PSCY3000 Cheat Sheet

F- Distribution

Skewed right
Mean is 1
Only non negative values

Gathering Data

Treatments: experimental conditions which correspond to assigned values of explanatory variable.

Observational studies: watch and observe values on response variable (non experimental)

Advantage of Experiments over Observational Studies: experiments reduce potential for lurking variable by random selection, also experiment is only way to determine causality

Sample Survey: selects sample from population and gathers data

Sampling Frame: list of subjects in the population from which the sample is taken

Simple random sampling: when each possible sample of that size has the same chance of being selected

To select a simple random sample: number the subjects in the sampling frame using numbers of the same length (number of digits). select numbers of that length from a table of random numbers or using a random number generator. include in the sample those subjects having numbers equal to the random numbers selected.

Margin of Error tells us how well the sample estimate predicts the population percentage. Ex. A survey results says margin of error is +/- 3% MEANS "it is very likely that the reported sample percentage is no more than #5 lower/higher than the population percentage

Bias: When certain outcomes will occur more often in the sample than they do in the population.

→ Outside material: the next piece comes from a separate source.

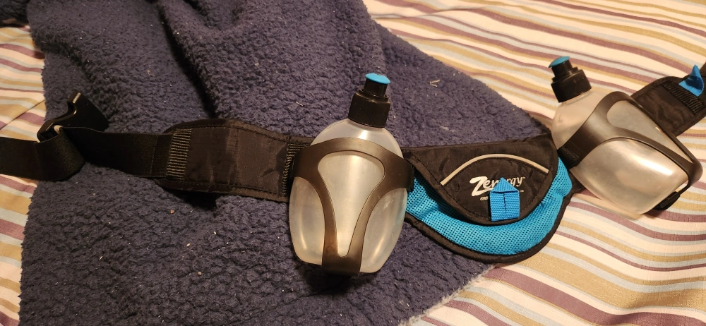 I'm selling a Zenergy hydration belt. It's perfect for running or hiking. It has two water bottle holders and a small pouch for your phone or keys. It's in great condition and ready for your next adventure

Sampling bias occurs from using nonrandom samples or having undercoverage.

Nonresponse bias occurs when some sampled subjects cannot be reached or refuse to participate or fail to answer some questions.

Response bias occurs when the subject gives an incorrect response (perhaps lying) or the way the interviewer asks the questions (or wording of a question in print) is confusing or misleading.

Large Sample doesn't guarantee unbiased sample

Convenience Sample problems: results only apply to observed subjects, unlikely to be representative of population, often severe biases result

Key Parts of a Sample Survey:Identify the population of all subjects of interest. Construct a sampling frame which attempts to list all subjects in the population. Use a random sampling design to select n subjects from the sampling frame. Be cautious of sampling bias due to nonrandom samples (such as volunteer samples) and sample undercoverage, response bias from subjects not giving their true response or from poorly worded questions, and nonresponse bias from refusal of subjects to participate.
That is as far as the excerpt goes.